- Stored items -
==============================
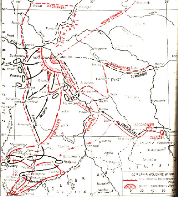 Достаточно подробная карта передвижения войск повстанцев и российской армии во время восстания 1794 года
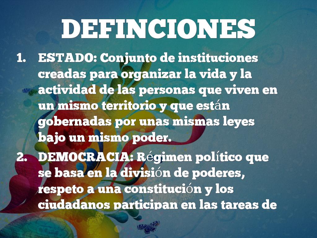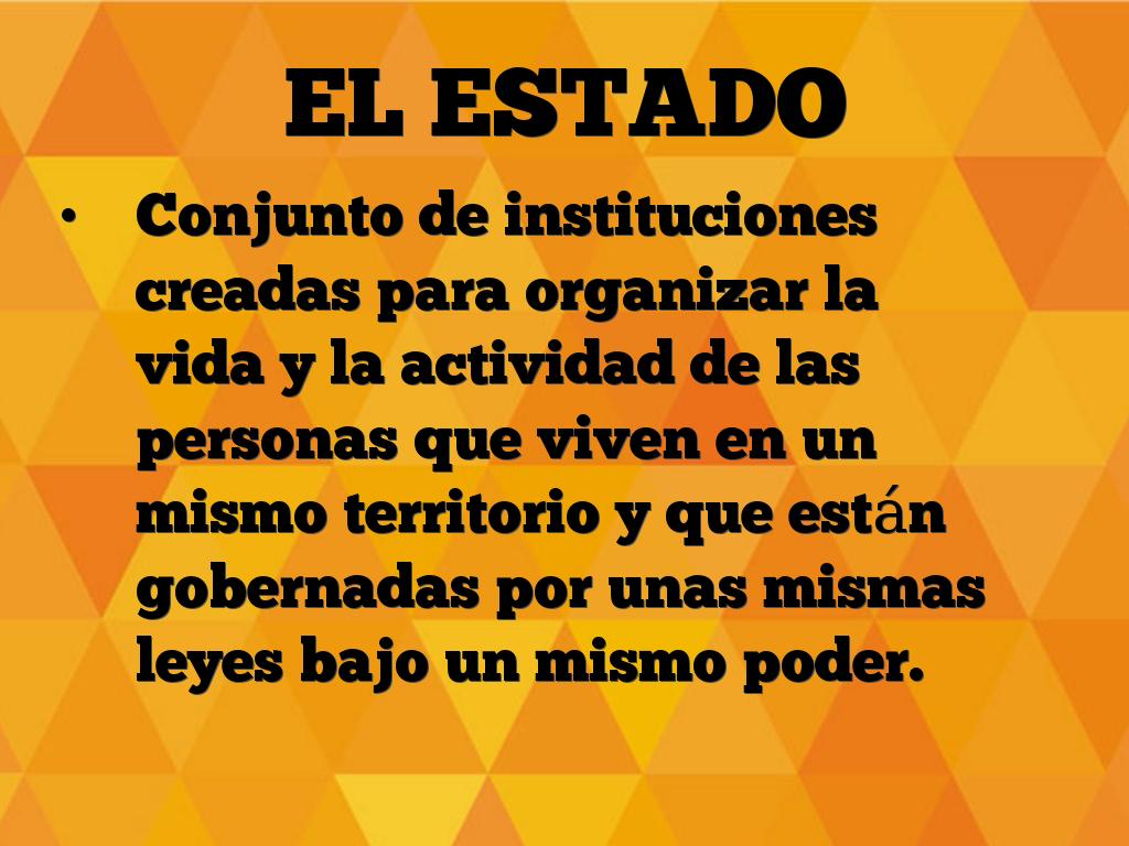 - ESTADO: Conjunto de instituciones creadas para organizar la vida y la actividad de las personas que viven en un mismo territorio y que están gobernadas por unas mismas leyes bajo un mismo poder.
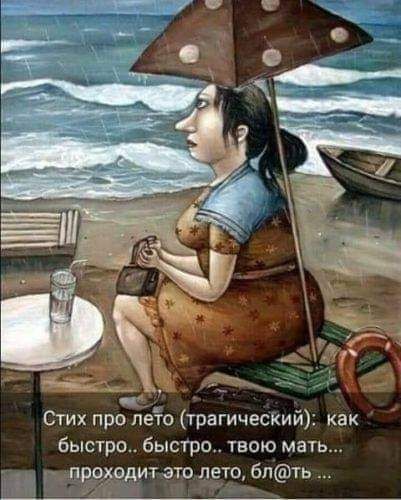 - Знаете ли, милая барышня, что в Геленджике лето никогда не кончается? Давайте вместе улетим туда! Там тёплая вода, фрукты и в море мы сможем плавать на плотике из какашки! И петь: "Нааа Маленьком плотуууу…"
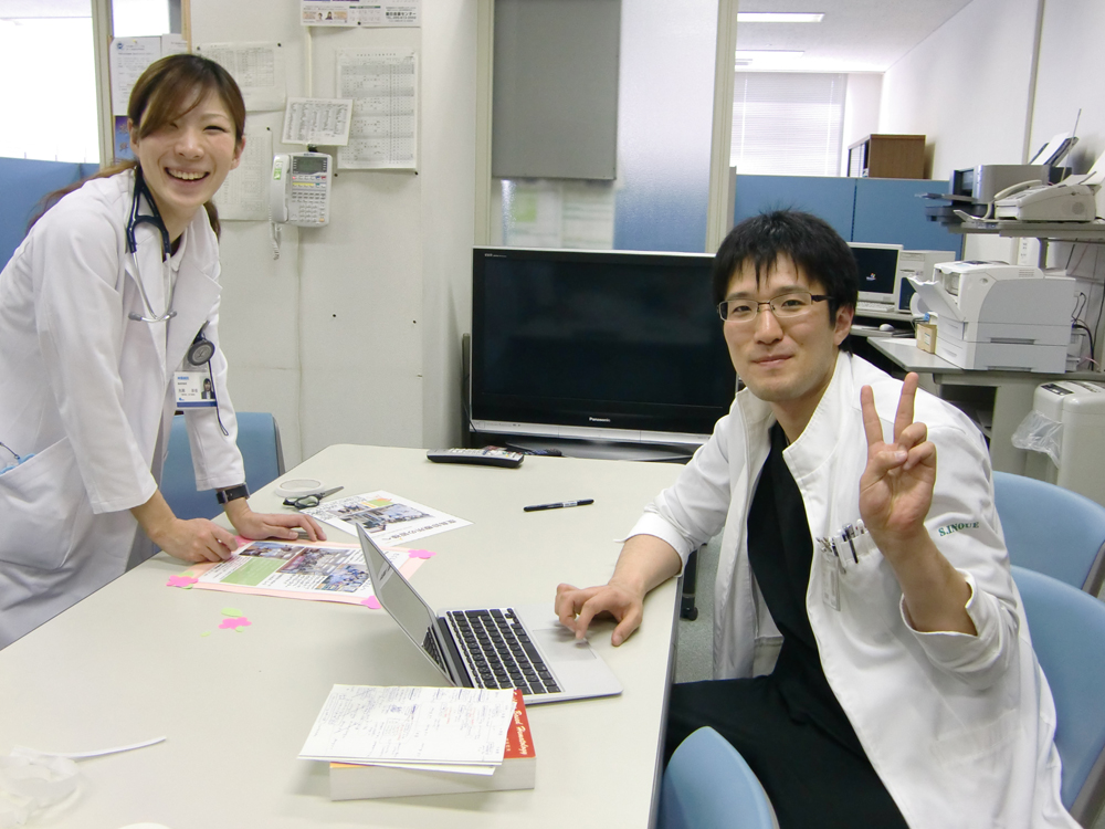 三枝先生と間島先生の研修が終わりました。間島先生は、約2週間と短い期間でしたが、外来、訪問診療・リハ、検査科実習など4週間とほぼ同じカリキュラムに取り組みました。最後の実習発表のときは、じ〜んときました。三枝先生、間島先生、本当にありがとうございました。また、機会がありましたら、おこしください☆
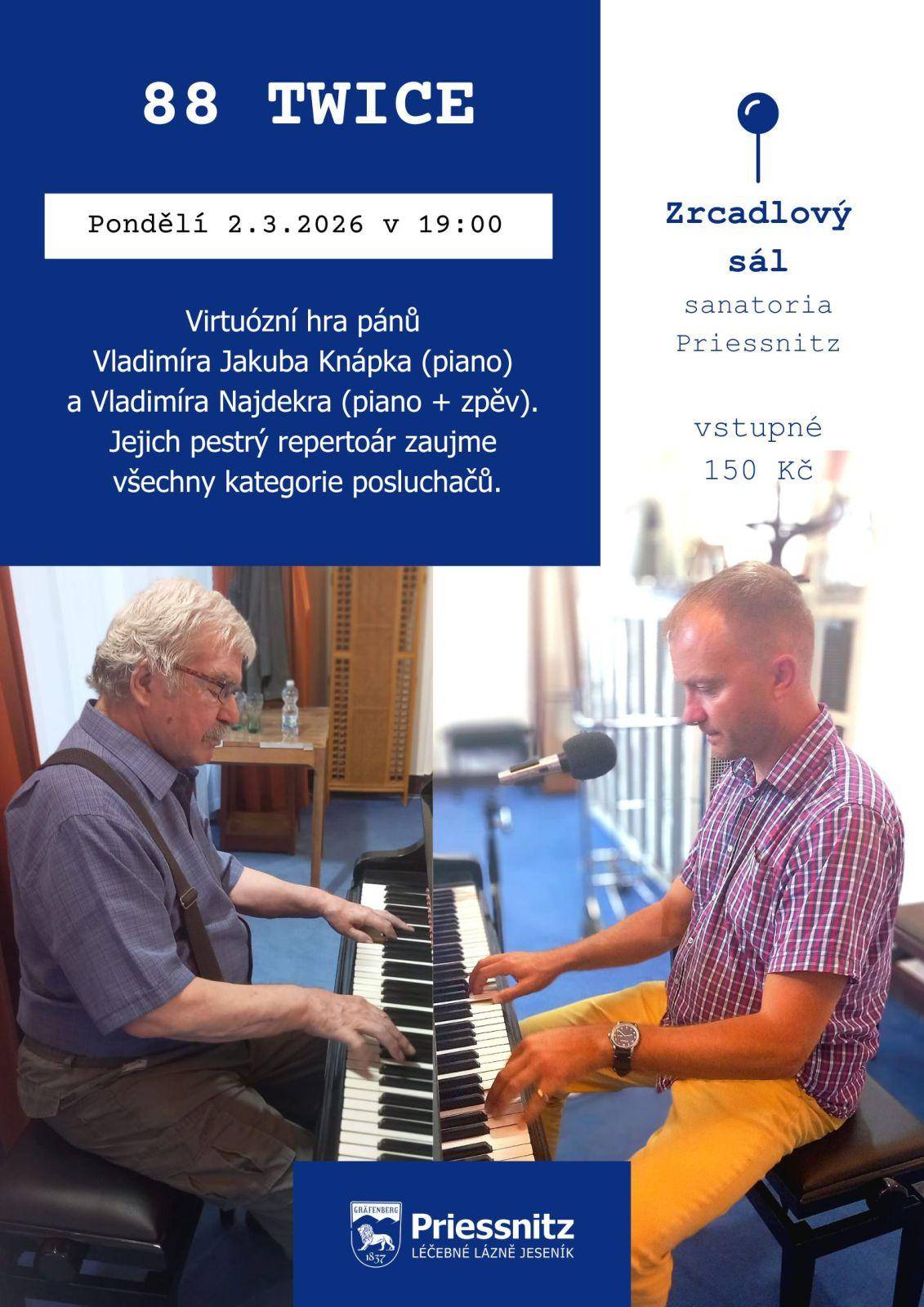 KONCERT 88TWICE (Koncerty) 02.03.2026 od 19:00 do 20:00 hod. Priessnitzovy léčebné lázně a.s., Zrcadlový sál, Jeseník | Mapa Dvě piana, dva muži a krásné (nejen) jazzové melodie. Vstupné 150 Kč. | |
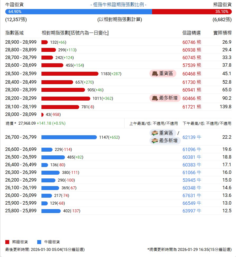 智通财经APP获悉,截至1月30日,恒指最新的牛熊街货比例为65:35。
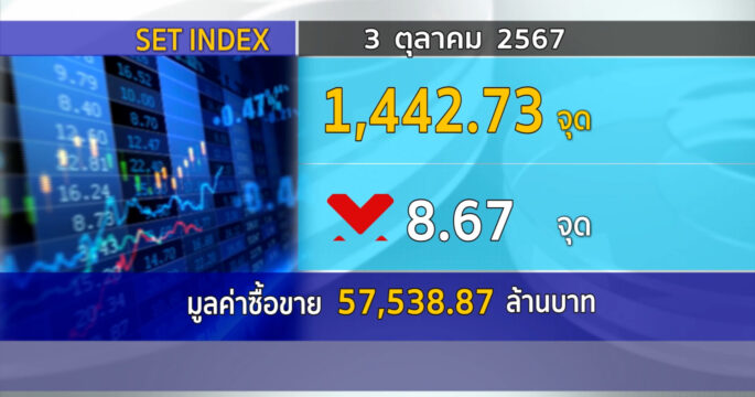 SET ปิดวันนี้ที่ 1,442.73 จุด ลดลง 8.67 จุด (-0.60%) มูลค่าซื้อขาย 57,538.87 ล้านบาท
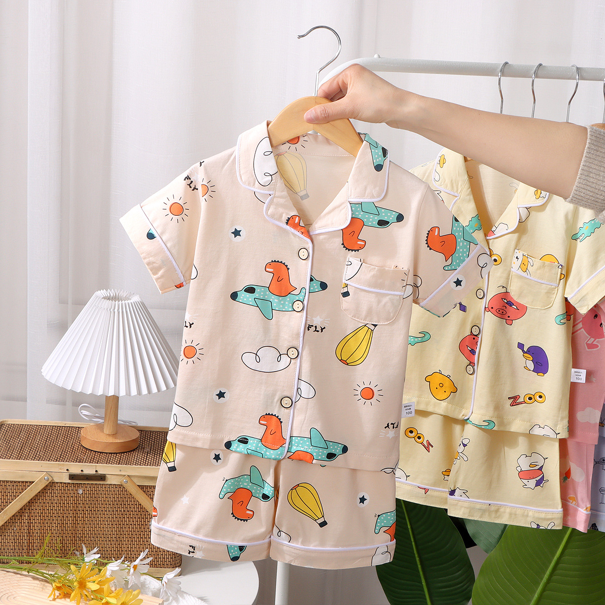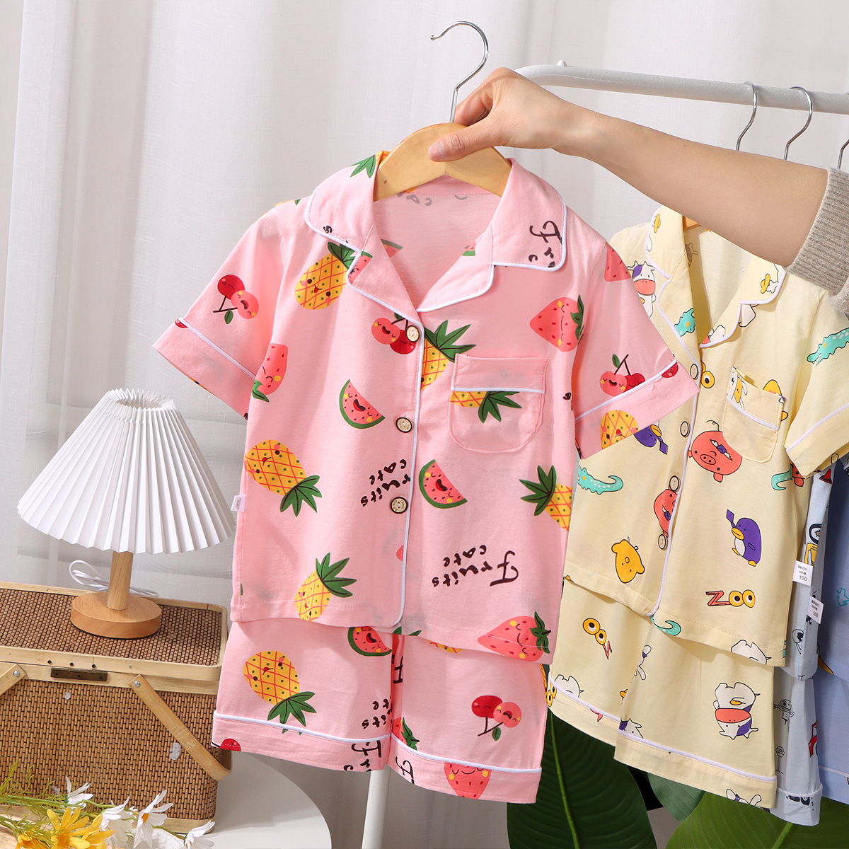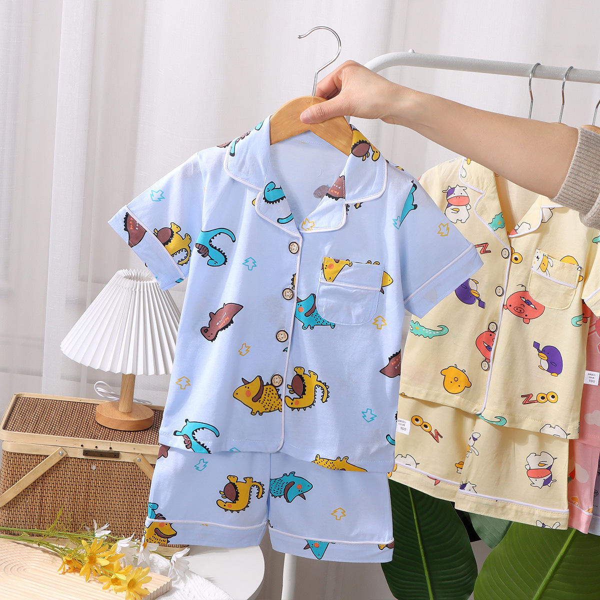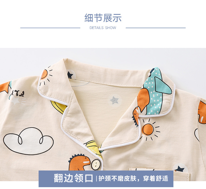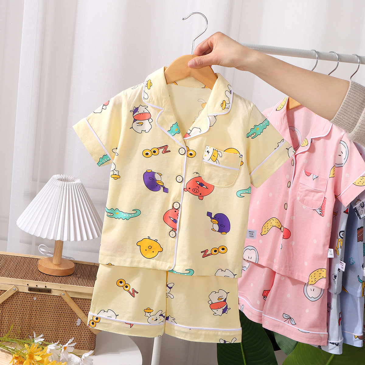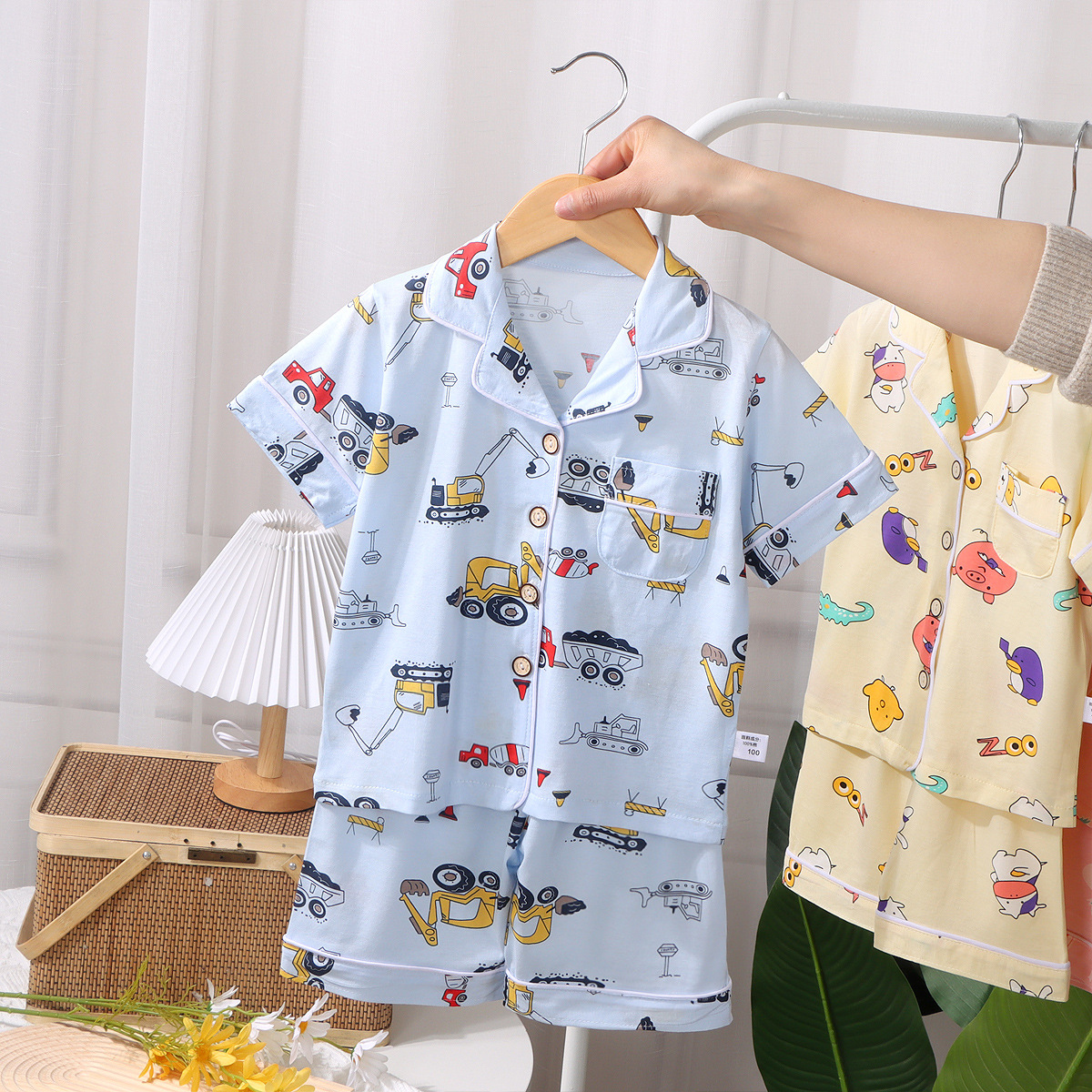 Новый комплект домашней одежды для детей 2026 года, тонкие хлопковые пижамы для детей среднего возраста, одежда для кондиционированных помещений для учащихся начальной школы, детский комплект с коротким рукавом
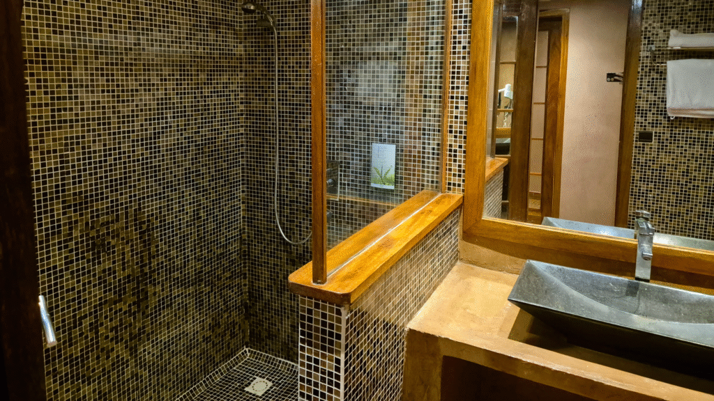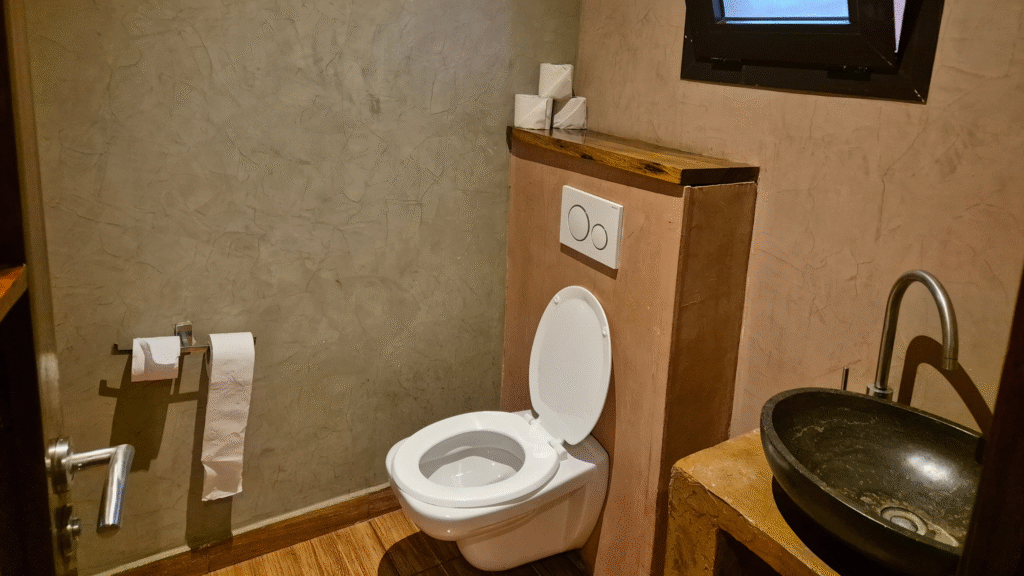 Sans oublier des toilettes et une salle de douche propres également. La chambre dispose d’une petite terrasse avec deux transats. Le wifi est disponible avec un petit code que la réception m’a remis lors de l’enregistrement.
==============================
- Prompt -
Exact copy, pictures excluded: every line above from the one containing "- ESTADO: Conjunto" to the one containing "智通财经APP获悉,截至1月30日,恒指最新的牛熊街货比例为65:35。", inclusive, and nothing more.

- Exercise response -
 - ESTADO: Conjunto de instituciones creadas para organizar la vida y la actividad de las personas que viven en un mismo territorio y que están gobernadas por unas mismas leyes bajo un mismo poder.
 - Знаете ли, милая барышня, что в Геленджике лето никогда не кончается? Давайте вместе улетим туда! Там тёплая вода, фрукты и в море мы сможем плавать на плотике из какашки! И петь: "Нааа Маленьком плотуууу…"
 三枝先生と間島先生の研修が終わりました。間島先生は、約2週間と短い期間でしたが、外来、訪問診療・リハ、検査科実習など4週間とほぼ同じカリキュラムに取り組みました。最後の実習発表のときは、じ〜んときました。三枝先生、間島先生、本当にありがとうございました。また、機会がありましたら、おこしください☆
 KONCERT 88TWICE (Koncerty) 02.03.2026 od 19:00 do 20:00 hod. Priessnitzovy léčebné lázně a.s., Zrcadlový sál, Jeseník | Mapa Dvě piana, dva muži a krásné (nejen) jazzové melodie. Vstupné 150 Kč. | |
 智通财经APP获悉,截至1月30日,恒指最新的牛熊街货比例为65:35。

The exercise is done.